→ PROVIDED MATERIAL

========================

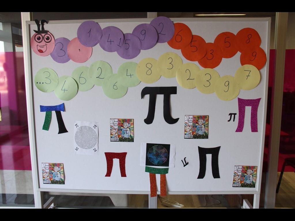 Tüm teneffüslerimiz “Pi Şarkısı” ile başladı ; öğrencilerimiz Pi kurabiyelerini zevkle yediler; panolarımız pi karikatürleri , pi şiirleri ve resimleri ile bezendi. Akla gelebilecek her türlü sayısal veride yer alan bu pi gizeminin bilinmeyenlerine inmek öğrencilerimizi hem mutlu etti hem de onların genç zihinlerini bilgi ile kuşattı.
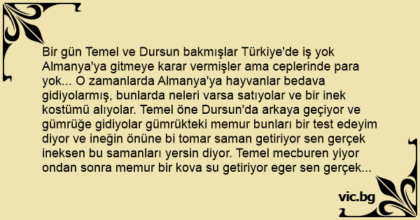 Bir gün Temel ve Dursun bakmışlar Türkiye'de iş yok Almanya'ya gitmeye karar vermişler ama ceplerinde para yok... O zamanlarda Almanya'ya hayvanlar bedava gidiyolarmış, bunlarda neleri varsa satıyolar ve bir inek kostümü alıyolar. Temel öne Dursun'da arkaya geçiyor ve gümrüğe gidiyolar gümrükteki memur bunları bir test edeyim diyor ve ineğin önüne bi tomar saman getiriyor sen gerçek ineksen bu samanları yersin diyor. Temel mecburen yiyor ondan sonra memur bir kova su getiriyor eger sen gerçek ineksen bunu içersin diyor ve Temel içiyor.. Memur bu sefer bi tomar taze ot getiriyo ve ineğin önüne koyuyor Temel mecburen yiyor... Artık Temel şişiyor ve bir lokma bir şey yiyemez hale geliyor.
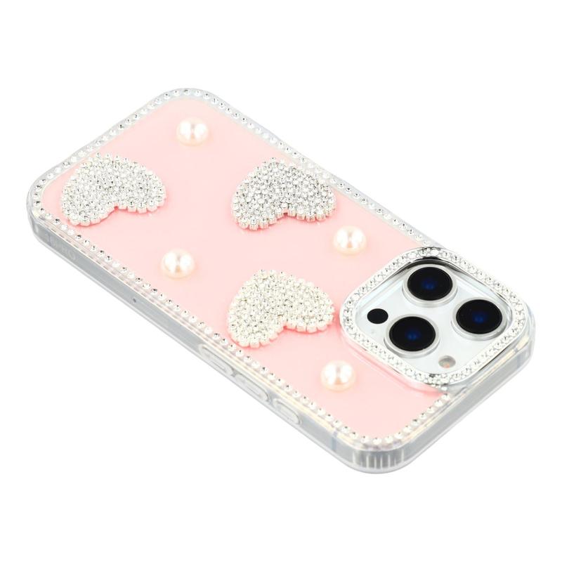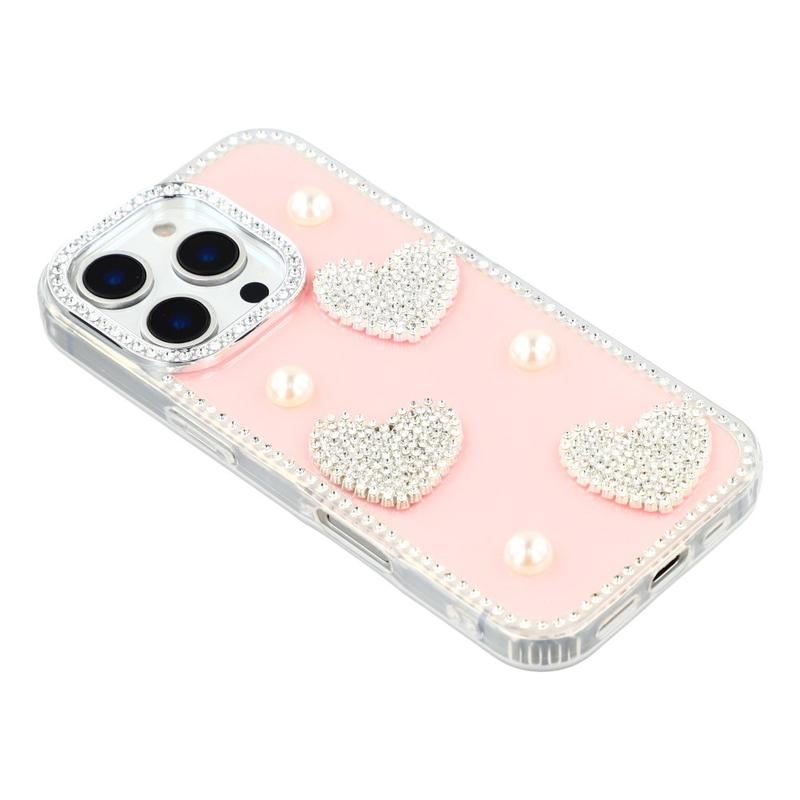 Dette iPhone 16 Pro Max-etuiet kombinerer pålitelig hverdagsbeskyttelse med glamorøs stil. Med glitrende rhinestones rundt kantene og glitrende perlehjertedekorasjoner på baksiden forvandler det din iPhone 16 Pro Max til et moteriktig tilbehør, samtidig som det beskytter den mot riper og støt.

========================

→ TASK ITEM
Repeat, exactly and in full, each line from the start of the data to the line that contains "Bir gün Temel". Pictures do not go in.

→ SOLUTION TO THIS TASK
 Tüm teneffüslerimiz “Pi Şarkısı” ile başladı ; öğrencilerimiz Pi kurabiyelerini zevkle yediler; panolarımız pi karikatürleri , pi şiirleri ve resimleri ile bezendi. Akla gelebilecek her türlü sayısal veride yer alan bu pi gizeminin bilinmeyenlerine inmek öğrencilerimizi hem mutlu etti hem de onların genç zihinlerini bilgi ile kuşattı.
 Bir gün Temel ve Dursun bakmışlar Türkiye'de iş yok Almanya'ya gitmeye karar vermişler ama ceplerinde para yok... O zamanlarda Almanya'ya hayvanlar bedava gidiyolarmış, bunlarda neleri varsa satıyolar ve bir inek kostümü alıyolar. Temel öne Dursun'da arkaya geçiyor ve gümrüğe gidiyolar gümrükteki memur bunları bir test edeyim diyor ve ineğin önüne bi tomar saman getiriyor sen gerçek ineksen bu samanları yersin diyor. Temel mecburen yiyor ondan sonra memur bir kova su getiriyor eger sen gerçek ineksen bunu içersin diyor ve Temel içiyor.. Memur bu sefer bi tomar taze ot getiriyo ve ineğin önüne koyuyor Temel mecburen yiyor... Artık Temel şişiyor ve bir lokma bir şey yiyemez hale geliyor.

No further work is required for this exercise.